Scattering of Light

This phenomenon involves interaction of radiation with matter. Tiny dust particles are present in Earth’s atmosphere. When sunlight falls on them, it gets diffused in all directions. That is why light reaches even those nooks and corners where it normally is not able to reach straight from the source.

The phenomenon of scattering is a two step process: absorption of light by the scattering particle and then instant re-emission by it in all possible directions. The scattered light does not obey the laws of reflection.

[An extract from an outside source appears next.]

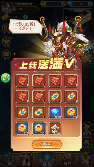 开局直接领满V+海量资源,点击“领取VIP”一键解锁T0战神等福利,直接满配起步。

The size of the particle must be less than the wavelength of light incident on it. A bigger sized particle will scatter all the wavelengths equally. The intensity of scattered light is given by Rayleigh’s law of scattering. According to this law, the intensity of scattered light is inversely proportional to the fourth power of its wavelength.

I ∝ 1/λ4

When white light is incident on the scattering particle, the blue light is scattered the most and the red light is scattered the least.

Blue Color of the Sky

The shorter wavelengths are scattered more than the longer wavelengths. Thus, the blue light is scattered almost six times more intensely than the red light as the wavelength of the blue light is roughly 0.7 times that of the red. The scattered light becomes rich in the shorter wavelengths of violet, blue and green colors. On further scattering, the violet light does not reach observe’s eye as the eye is comparatively less sensitive to violet than blue and other wavelengths in its neighbor. So, when you look at the sky far away from the sun, it appears blue.

White Color of the Clouds

The clouds are formed by the assembly of small water drops whose size becomes more than the average wavelength of the visible light (5000Å). These droplets scatter all the wavelengths with almost equal intensity. Therefore, the resultant scattered light is white. So, a thin layer of clouds appears white.

Red Color of the Sun at Sunrise and Sunset

In the morning and evening when the Sun is near the horizon, light has to travel a greater distance through the atmosphere. The violet and blue wavelengths are scattered by dust particles and air molecules at an angle of about 90°. Thus, the sunlight becomes devoid of shorter wavelengths and the longer wavelength of red color reaches the observer. So the Sun appears as red.